Nuclear movement

Nuclei are maintained at a defined position in many cell types. Proper nuclear position is physiologically important and abnormal nuclear position is known to be associated with disease. For example, central nuclei in muscle fibers is considered a hallmark of myopathies. Nuclear position is also regulated in migrating cells.In fibroblasts migrating on a two-dimensional surface, the nuclei usually reside in the rear of the cells. It was originally believed that this was a passive phenomenon: when cells are protruding, the nuclei, the largest organelle, naturally lag behind. However, experiments in the Gundersen lab at Columbia University showed that nucleus actively moves rearward before cell protrusion happens (see below), indicating that nuclear position is tightly regulated in migrating cells.

A movie of NIH3T3 fibroblasts expressing GFP-tubulin, time: minute after the addition of lysophosphatidic acid. From Gomes et. al, Cell 2005.

The molecular mechanism of nuclear movement in fibroblasts is well-studied. Binding of lysophosphatidic acid to its receptor activates the small GTPase cdc42, which in turn activates the formation of actin cables at the leading edge. These cables are powered by myosin IIA and steered by myosin IIB to move retrogradely. A linear nuclear structure composed of nesprin2-G and SUN2 (termed TAN line) couples the nucleus to moving actin cables, and the force to carry the nucleus backward.

A movie of NIH3T3 fibroblasts expressing GFP-Progerin and mCherry-LifeAct, time: h:mm after addition of lysophosphatidic acid. Progerin is a mutated nuclear lamina protein. Nuclear lamina with progerin is not strong enough to support nuclear movement. As a result, progerin-containing TAN lines slip over an immobile nucleus. From Chang et. al, PNAS 2019.

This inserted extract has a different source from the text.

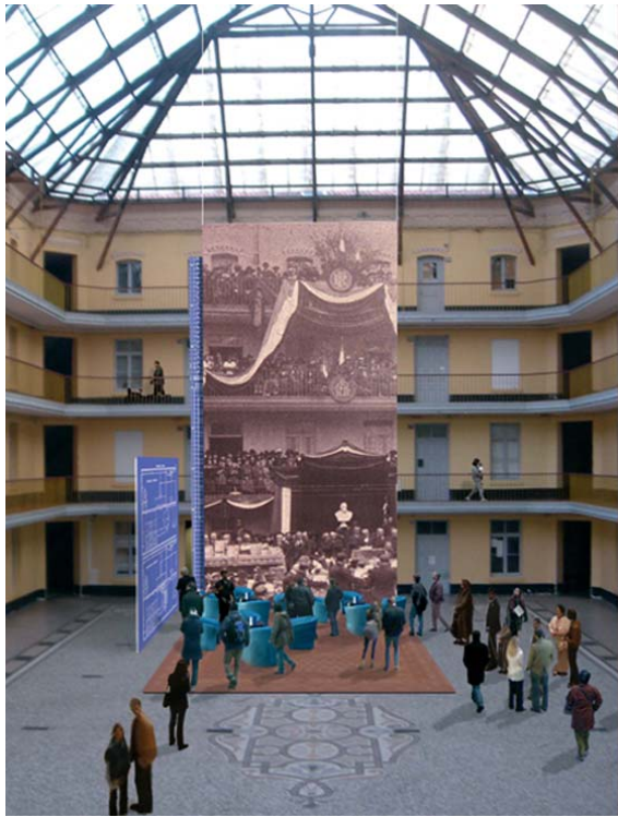
Perspective sur la cour

It should be noted that nuclear position doesn’t always rely on actin cytoskeleton. In many systems nuclear movement is driven by microtubules and its motors. Rearward nuclear position is also not universal in migrating cells. In migrating leukocytes, the nuclei trend to locate in the front of the cell. It was shown that the nuclear membrane forms protrusions that probe their vicinity to help to determine the path of least resistance. The molecular detail of these nuclear protrusions are still unclear.


  • Chang W, Folker ES, Worman HJ, Gundersen GG. Emerin organizes actin flow for nuclear movement and centrosome orientation in migrating fibroblasts. Mol Biol Cell, 2013 Dec; 24(24):3869-80.
  • Chang W, Wang Y, Luxton GWG, Östlund C, Worman HJ, Gundersen GG. Imbalanced nucleocytoskeletal connections create common polarity defects in progeria and physiological aging. Proceedings of the National Academy of Sciences of the USA, 2019 Feb 26; 116(9):3578-3583.
  • Folker ES, Ostlund C, Luxton GW, Worman HJ, Gundersen GG. Lamin A variants that cause striated muscle disease are defective in anchoring transmembrane actin-associated nuclear lines for nuclear movement. Proc Natl Acad Sci U S A, 2011 Jan; 108(1):131-6.
  • Gomes ER, Jani S, Gundersen GG. Nuclear movement regulated by Cdc42, MRCK, myosin, and actin flow establishes MTOC polarization in migrating cells. Cell, 2005 May; 121(3):451-63.
  • Gundersen GG, Worman HJ.. Nuclear positioning. Cell, 2013 Mar; 152(6):1376-89.
  • Luxton GW, Gomes ER, Folker ES, Vintinner E, Gundersen GG. Linear arrays of nuclear envelope proteins harness retrograde actin flow for nuclear movement. Science, 2010 Aug; 329(5994):956-9.
  • Renkawitz J, Kopf A, Stopp J, de Vries I, Driscoll MK, Merrin J, Hauschild R, Welf ES, Danuser G, Fiolka R, Sixt M. Nuclear positioning facilitates amoeboid migration along the path of least resistance. Nature, 2019 Apr; 568(7753):546-550.